Listen, I understand how thousands of frustrated, angry Americans who are unemployed, saddled with credit card debt and mounting medical bills, and underwater on their homes, can identify with this movement. But I also suspect hiding amongst them is a more Machiavellian subgroup of elitists who quite frankly are not comfortable having a brown-skinned president with an African name who is the product of progressive idealism. 

Some voters who supported John McCain in the 2008 election belong to an affluent sector of society who want to maintain the status quo of the Bush administration by keeping the Bush tax cuts and continuing the deregulation of financial institutions. These voters reaped the rewards of the largest tax cuts in U.S history. Their disregard for the effect those tax cuts would have on the national debt has resulted in a debt that has increased by 100 percent in 2007, causing the U.S. to experience the longest recession since WWII.

So I think we need to ask Michelle Bachmann about which “average American” she truly represents? Is it the embittered libertarian or the frightened blue-collar worker? Or those in the one percent who have been enriched by Bush economic policy? I believe every single American desperately wants a more fiscally sound government; no one wants to pay unreasonably high taxes. And who really wants a country that is bankrupt? I sure don’t.

I do want us to take a deep breath, have the courage to look into the mirror, and embrace our situation. I am willing to meet you halfway in finding some real tangible solutions to our fiscal predicament. Cutting federal funding from Planned Parenthood is not going to balance the budget. Stripping a union’s collective bargaining rights is not going to make a dent either. Proposing to abolish Medicare is not the way to go.

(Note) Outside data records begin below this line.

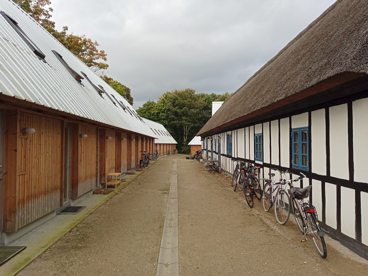 Indgangsfacaden er således orienteret mod livet i landsby-gaden til den ene side, og havefacaden mod det åbne landskab med marker, skov og natur til den anden.
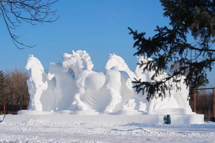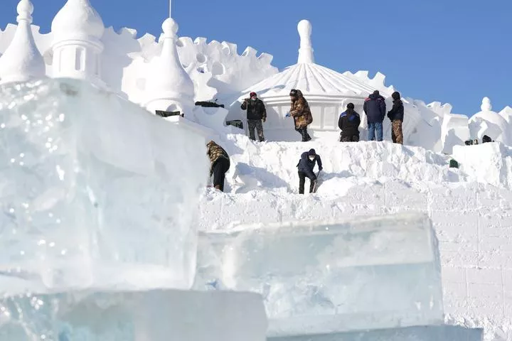 چین کے شمال مشرقی صوبہ حئی لونگ جیانگ کے ہاربن میں عملہ کا ایک رکن برفانی مجسموں کی 35 ویں تائی یانگ داؤ آئلینڈ بین الاقوامی نمائش کیلئے ایک دیوقامت برفانی مجسمے کو حتمی شکل دے رہا ہے۔(شِنہوا)
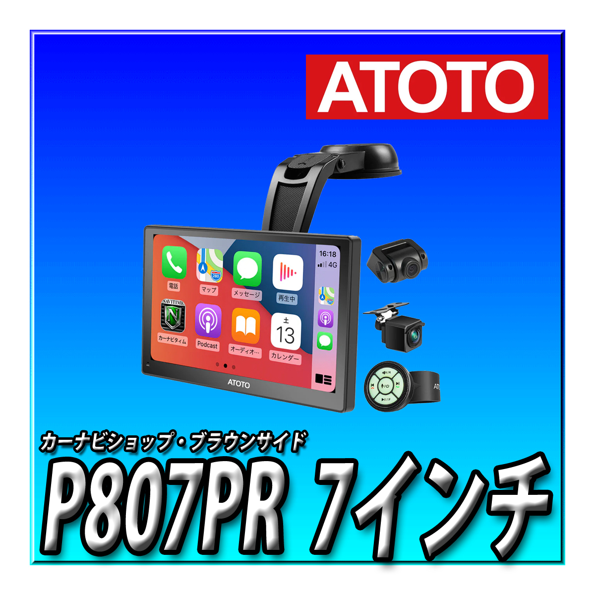 - ATOTO P807PR 7インチポータブルナビ P8プロ (P8 本体+前後カメラ+リモコン付き) Linux PND 新型カーナビ
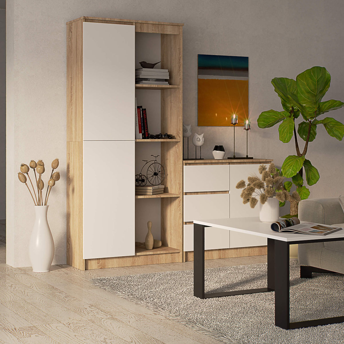Regał biurowy CLP z 8 półkami, kolor Dąb Sonoma i Biały. .. więcej
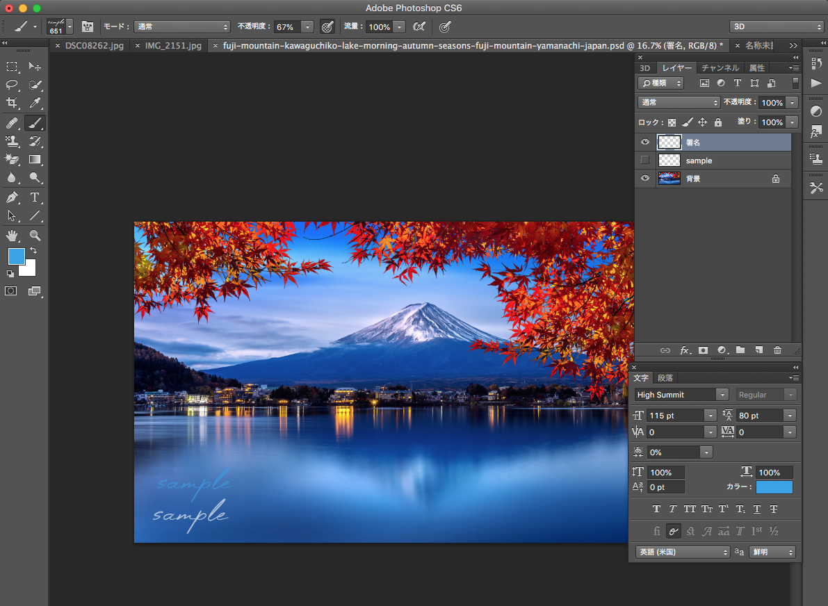 署名、サイン入れたい時はこんな感じになります。色、不透明度は画像に合わせて下さい
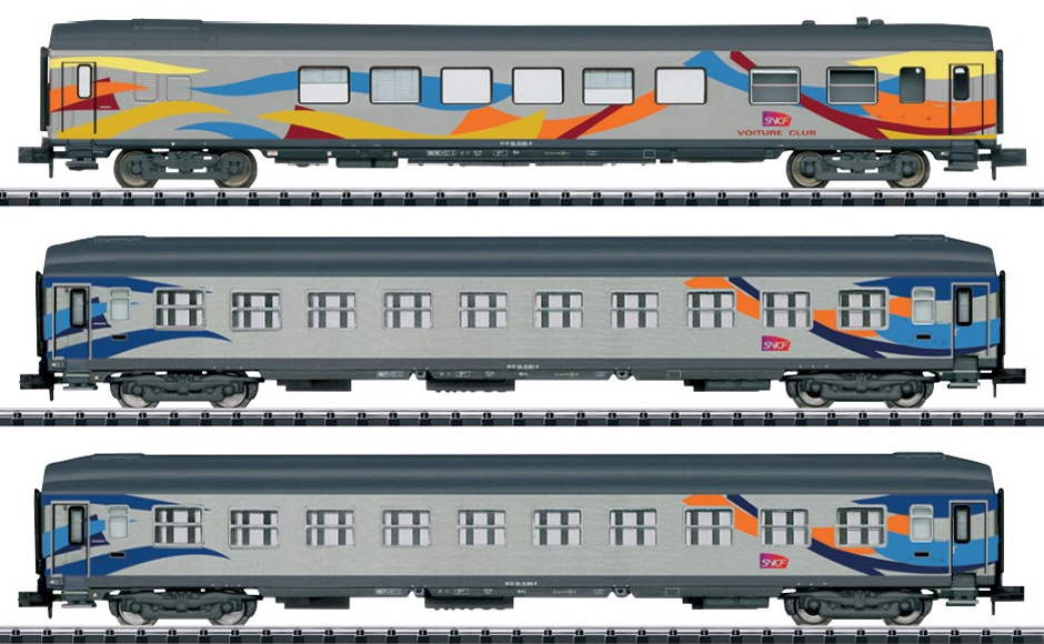 couleurs sur les côtés Logo dégradé Eclairage intérieur par leds en option (Réf. 66616) Attelages à élongation Longueur totale de la rame : 306 mm Annonce dans Loco Revue N° 884 de mars 2021 Annonce de la sortie dans Loco Revue N° 893 de décembre 2021 Coffret complémentaire du coffret 18210 |
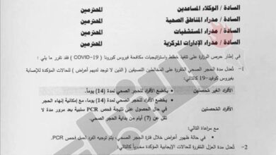 العزل للحالات الإيجابية 10 أيام لغير المحصنين و7 للمحصنين

Aside from establishing a domestic policy, a president must lead in foreign policy; she must also possess a temperament  willing to engage with the many multicultural nations who are a part of this global community we all inhabit. If Michelle Bachmann is the face for the conservative collective, should she be the face for our country? Only time will tell; but frankly, I have no desire to drink any of her tea.